Consider the wealth of information we have in our computers, or in multiple computers and tablets. We may also have important information stored in CDs, flash drives and backup tapes. There may be dozens of user names/logins and passwords associated with these digital accounts.

Many of us have gone “paperless.” We pay our bills online, receive financial statements and investment summaries via email and have Paypal accounts.  And while that may simplify our lives and make our homes and offices tidier, it may also make it difficult for Attorneys- in-Fact, Executors, Trustees and other fiduciaries to locate our important financial documents and competently manage our finances.

An essential part of modern estate planning involves understanding that our online presence may outlive our physical presence. Executors aren’t merely sorting through physical items (mail, contents of filing cabinets, safe deposit boxes) to determine the extent of our estates, but rather much of the most valuable information concerning our estates is found online. As we expand our digital reach to encompass a broad range of financial transactions, social activities, creative endeavors and more, the management of digital assets and online accounts following death or incapacity becomes crucial.
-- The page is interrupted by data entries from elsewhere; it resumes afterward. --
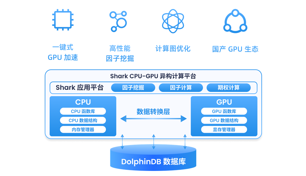 - Shark是DolphinDB与海光信息合作开发的CPU/GPU异构计算平台,其核心组件Shark Graph并行计算引擎显著提升了性能,使因子挖掘速度提高了10倍以上,并且能够通过简单的“@GPU”标签实现DolphinDB脚本在GPU上的一键加速,性能提升可达10至20倍,同时减少CPU和内存占用。目前,Shark平台已支持海光DCU处理器,并计划继续优化国产处理器的性能和易用性,以提供更强大的计算能力。
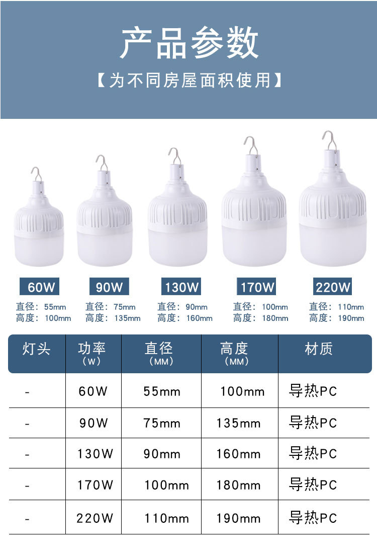 Venta al por mayor de fábrica LED de carga Super brillante bombilla de Emergencia Móvil Mercado nocturno puesto de iluminación ahorro de energía al aire libre Luz de camping
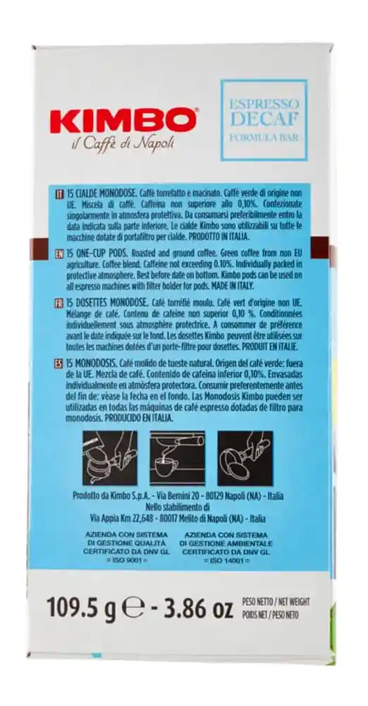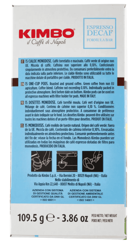 Un avanzato processo di estrazione rimuove la caffeina dalla miscela, lasciando invariate le sue caratteristiche sensoriali. Un caffè in cialde dall’appeal pronunciato e corposo, con un retrogusto persistente, nonostante l’assenza di caffeina. Insomma, KIMBO Decaffeinato è la scelta perfetta per chi vuole un decaffeinato che abbia il carattere intenso e deciso di un caffè classico.
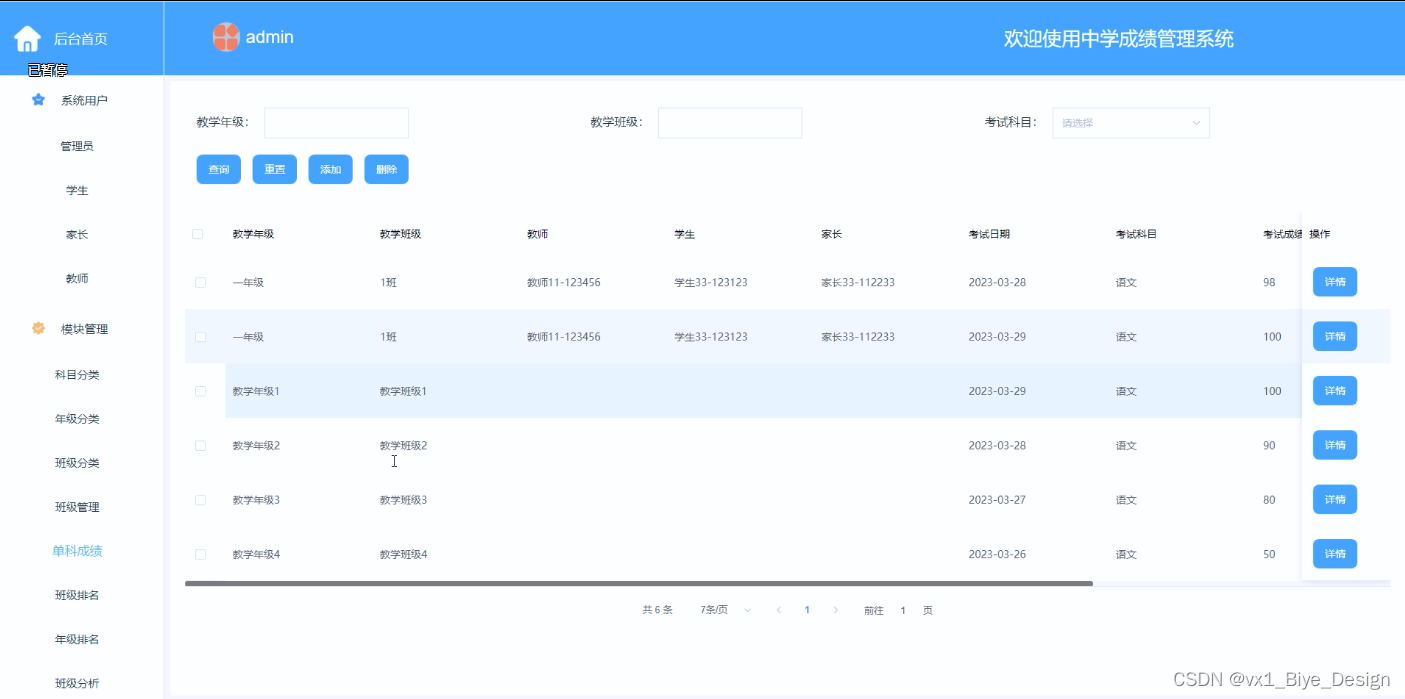 (4)单科成绩:点击“单科成绩”这个菜单,可以查看到系统中所有添加的单科成绩信息,支持通过教学年级或者教学班级对单科成绩信息进行查询,如果想要了解某一单科成绩的详细信息,点击后面的“详情”会进入详情界面;
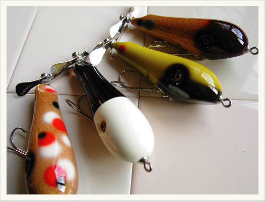 カバーで使えるシングルスイッシャーと言うのが最初の コンセプト。その為、ルアーの重さも軽く作ってある。 これは、蓮の葉や浮いている物の上にフワッと落とす イメージ。 オリジナルニンナペラによる水の抵抗を加工したテールで 受ける事によって、微量な振動や泡などを演出。 また、フロントにウエイトを入れる事により可能になった、 軽やかなターンも特徴のひとつです。
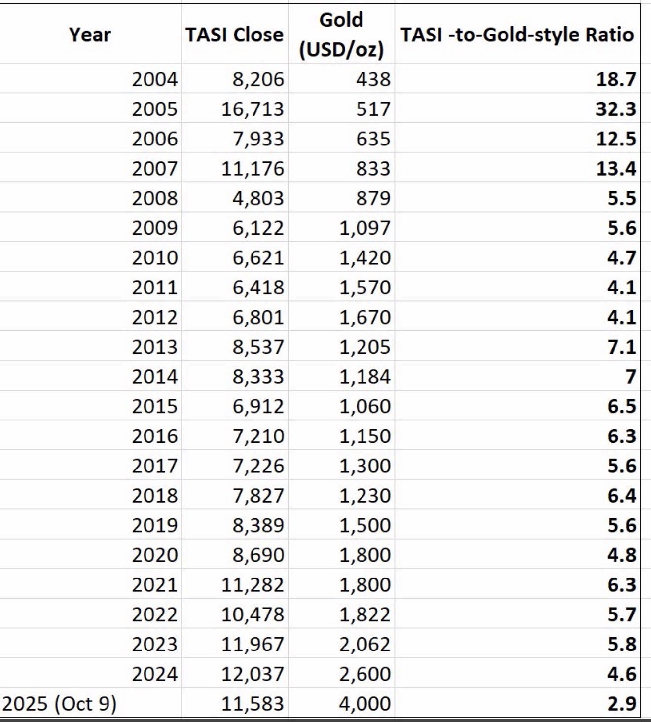 ملحوظة : تم استخدام إغلاقات سنوية لـ تاسي وأسعار الذهب بالدولار.
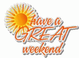 Animated graphic wishing viewers 'Have a great weekend!' with a bright yellow sun in the background.
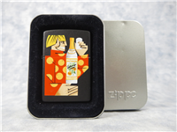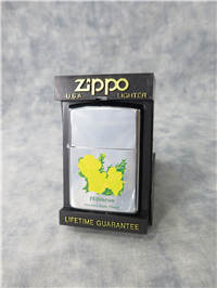 ZIPPO lighter. Polished Chrome finish over solid Brass with color printed design on front. Standard size 1-7/16 inches wide by 2-1/4 inches high. Bottom of lighter reads: B Zippo XIII Bradford, PA. Made in U.S.A. Sealed, with original, unfired insert.
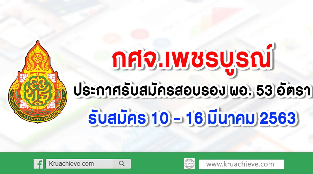 กศจ.เพชรบูรณ์ ประกาศรับสมัครสอบรอง ผอ. 53 อัตรา รับสมัคร 10 – 16 มีนาคม 2563

The following are some steps to take to manage your Digital Estate:

  1. Create a detailed inventory of all devices on which digital information may be stored, along with all passwords, logins, user names and security codes. Consider computers, cellular phones, tablets, CDs, DVDs, digital cameras, flash drives and other backup devices. For each device, detail what is contained on it, such as accounts–whether business or personal–along with associated logins and passwords. As this information changes over time, be sure to keep the list updated. If you have not yet begun this process, it may be daunting but consider the frustrating alternative if someone has no idea where you store important information, cannot access financial accounts and has no idea of logins or passwords.

Some may opt to maintain an actual notebook or folder containing this information. However, if you are uncomfortable that this vital list could be stolen, misplaced or destroyed, then consider using an online password manager such as LastPass (, 1Password (  or PasswordBox ( There are several online password managment sites and you should research which best meets your needs.

Whether you choose a physical file for your digital information or use an online password management program, be sure that someone you trust (partner/spouse, close friend, family member) knows that you have this information stored and where to locate it.

  1. Consider the best person to retrieve and manage your online information and assets. In making decisions about Executors, Guardians, Trustees, Attorneys-in-Fact and other fiduciaries, especially those who will be tasked with financial management, it may be wise to consider whether the person you designate is computer savvy enough to manage and close online accounts.
  2. Consider your “Digital Assets” such as social media accounts, blogs, websites and photos stored online. These are considered “digital assets” and you need to consider a plan to delete, maintain or memorialize these sites. For instance, if you have a Facebook account, you can set up your account to be permanently deleted when you die and you can also memorialize your account. You should consider leaving specific instructions for your Executor or other fiduciary about what you want done with these accounts following incapacity or death.

A smart estate plan necessarily involves providing detailed access and instructions about your online presence. While it takes time to compile a detailed digital inventory, this thoughtful planning will make an enormous difference for those who must manage your digital estate if you cannot. Planning ahead will provide family members and fiduciaries full access to your accounts and digital property, help minimize estate costs and promote a smooth estate administration, and ensure that all assets are located, so that they can be distributed according to your wishes.